Best-known for his standout roles in ‘Sordid Lives,’ ‘American Horror Story,’ ‘The Help’ and as Beverley Leslie on NBC’s hit series ‘Will & Grace,’ and now playing a lead role in the new comedy series ‘THE COOL KIDS’ on FOX, Mr. Jordan has charmed fans for over four decades!

In ‘EXPOSED,’ Leslie invites his audiences behind-the-scenes of his childhood and career! Offering a charming and hilarious look-back at his life experience as a flamboyant youth raised as a Southern Baptist, as well as the ‘unbelievable real-life stories’ and treasured anecdotes from his renowned stage and television performances.

MK Scott: Leslie, we had the pleasure of meeting at the GLAAD Awards last year and I told you that we would be back, have you back to Seattle.

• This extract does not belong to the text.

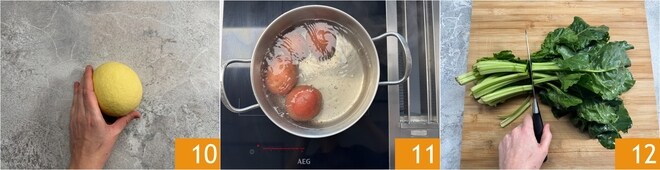 Sobald ihr eine glatte und gleichmäßige Kugel erhalten habt 10, deckt sie ab und lasst sie etwa 30 Minuten bei Raumtemperatur ruhen. In der Zwischenzeit widmet euch der Füllung: Gebt die gewaschenen Kartoffeln mit Schale in einen Topf mit kaltem Salzwasser und ab dem Kochen lasst sie etwa eine halbe Stunde kochen 11; ihr könnt die Garzeit mit den Zinken einer Gabel überprüfen. Reinigt die Kräuter: Entfernt den härtesten und zähsten Teil des Stiels 12.
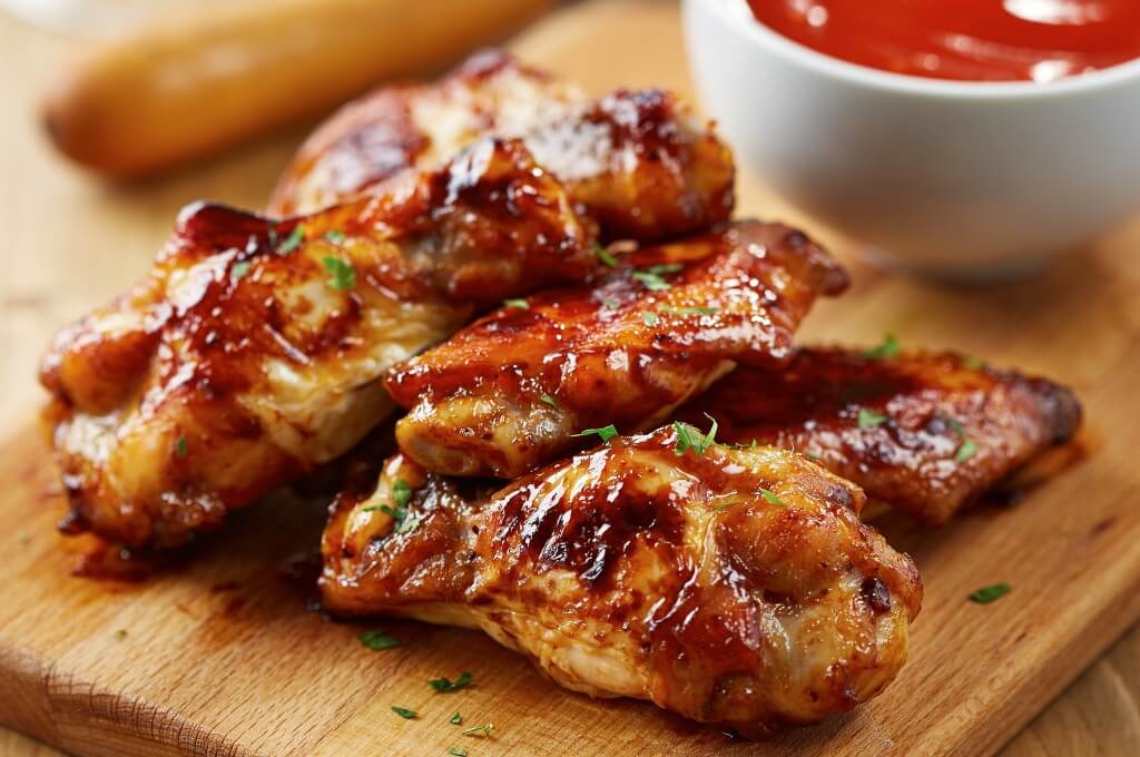 Lavar 2 libras de alas de pollo y condimentar con 1 cucharadita de sal y 1 cucharadita de pimienta, ½ cucharadita de paprika y la mitad de ½ taza de aceite vegetal mezclar bien y dejar marinando mínimo 4 horas. Aparte picar ½ cebolla amarilla y 4 dientes de ajo finamente, en una sartén colocar el resto del aceite y sofreír la cebolla y el ajo hasta acitronar, luego agregar 4 cucharadas de jugo de piña, 1 taza de kétchup, 1 cucharadita de humo líquido y 3 cucharadas de azúcar, dejar reducir. Llevar las alas marinadas a una placa para horno y agregar la salsa ya hecha y hornear por 30 minutos a 375 °F bien tapadas y los últimos 15 minutos destapar para dorar.

Now that we have, how do you feel about being back?

Leslie Jordan: Well, I just love Seattle. You know, I’ve been up there several times with the Seattle Men’s Chorus. I’ve actually performed at The Triple Door, but it wasn’t my show, it was another show hosted by Kimball Allen, I do so many. (I did 44 venues last year.) But anyway, I did, and that was such a fun venue. And I thought I’d like to come back and do, you know, that venue, and then for you to, to bump into you at GLAAD – it’s all come together beautifully. And I just love, love, love Seattle. I go up there all the time and people will always apologize for the weather. Well, I’m in LA where it’s 73 fucking degrees every single day. I love rainy, blustery & I’m a depressive. I love when it rains. Rains, rains, rains. So, hopefully, it’s going to rain every day I’m there.

MK: We’re looking forward to seeing you bring ‘Exposed’ to Seattle. What can we expect?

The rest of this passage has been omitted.